Results and Discussion
Production of Xylanase
The growth profile (in terms of total cell protein) of G117 in a minimum salt medium containing 1 % of beechwood xylan is shown in Fig. 1. Its growth starts with a lag phase for approximately 7 h and is followed by a relatively short exponential phase. The xylanase activity starts to increase at the beginning of the exponential phase and attains its highest activity when the growth enters stationary phase. This result implies that the production of xylanase is associated with growth, which is similar to C. beijerinckii LU-1, as reported by Marichamy and Mattiasson [17]. The short exponential phase also corresponds to an acidogenesis phase that leads to an abrupt drop in pH (Fig. 1). Utilizing the fermentable sugar liberated by the xylanase, organic acids (2.67 g/l butyric and 0.57 g/l acetic acid) are produced during the acidogenesis phase. The final amount of solvents is relatively low (0.37 g/l butanol and 0.064 g/l acetone). Notably, the time required for G117 to attain maximum xylanase activity (2.66 U/ml) is rather short (approximately 14 h) compared to other wild-type strains, such as C. beijerinckii LU-1 (21–24 h) [17], Clostridium celerecrescens (20 h) [18], Clostridium cellulovorans (36 h) [19], Clostridium sp. SAIV (60 h) [20], Clostridium absonum CFR-702 (72 h) [21], C. acetobutylicum ATCC 39236 (175 h) [22], and Clostridium sp. PXYL1 (6 days) [23].

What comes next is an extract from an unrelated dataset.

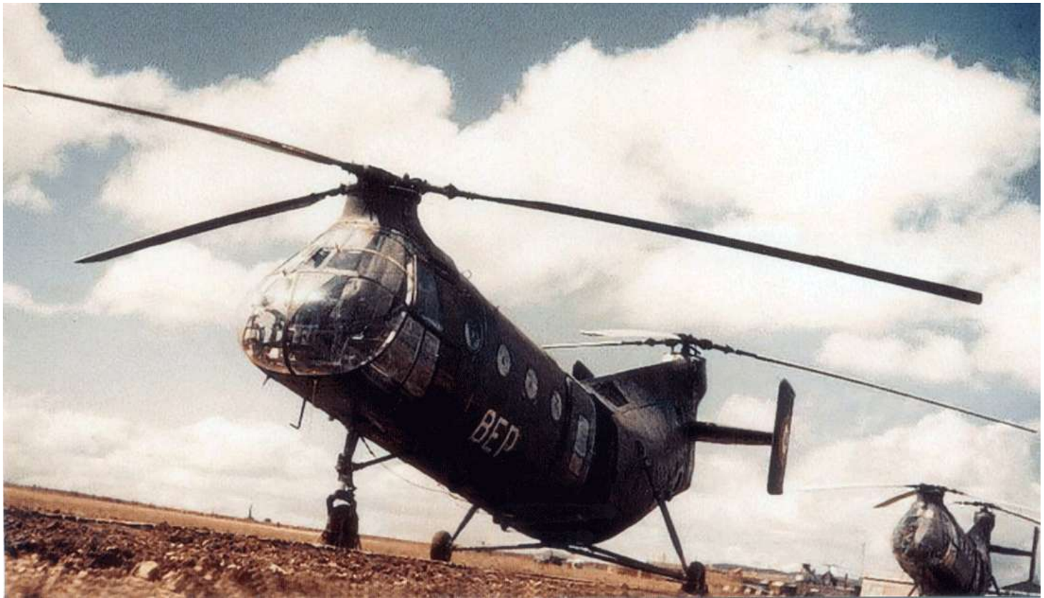
FR62/BEP du GH N°2.

56-2046 01/10/57 marché n° 6327/56 08/11/57 départ de Norfolk sur le transport d'aviation "Dixmude" (RFM n°239) 08/11/57 arrivée à Alger par le transport d'aviation "Dixmude" 08/11/57 GH N°2 BEP 31/12/59 accidenté. Au cours d'un posé, un rocher caché par l'herbe provoque la rupture du fitting droit. Reversé à Héli-Service à Alger. 31/12/59 rapatriement + attente 10/03/60 Héli Service Maison Blanche 4 e échelon après accident 29/04/60 AIA Maison Blanche attente IRAN 06/05/60 IRAN AIA Maison Blanche avec 588 heures 02/09/60 GH N°2 BEP 17/12/62 accidenté à In Amguel. En fin de mission l'appareil rejoint son terrain lorsqu'il se produit une panne du GMP. L'équipage réussit à poser la machine en autorotation mais un incendie important se déclare suite à l'éclatement du cylindre n°5, maîtrisé par le pilote puis par les pompiers de la base. 31/01/63 14° GALAT BEP ../07/63 retour métropole nia Oran, Valencia et Perpignan ;:;:07/63 ERM Versailles 19/06/63 OMP attente IRAN 25/07/63 IRAN Héli Service Marignane avec 777 heures 08/12/63 MC Montauban 10/12/63 OMP stockage 15/06/64 GALAT 14 10/06/64 OMP 24/08/65 ERM Valence 05/08/65 OMP stockage 17/05/68 réformé avec 1585 heures de vol 17/05/68 vendu aux ferrailleurs par décision 115/ALAT DRM5J pour la somme de 1 502 471 francs (7 497 330 en 1990)

To determine the most efficient xylanase inducer, the bacterium was cultured with various carbon sources for 48 h before the activity was quantified. Among all carbon sources (1 % w/v) tested, beechwood xylan is the best inducer and leads to the highest xylanase activity (2.6 U/ml). In contrast, arabinose and xylose only result in 0.28 and 0.20 U/ml of xylanase activity, respectively. Negligible activity is observed when glucose, sucrose, lignin, cellulose, or filter paper is used as the carbon source. This trend is similar to xylanase from other clostridial strains [17, 19–21, 24].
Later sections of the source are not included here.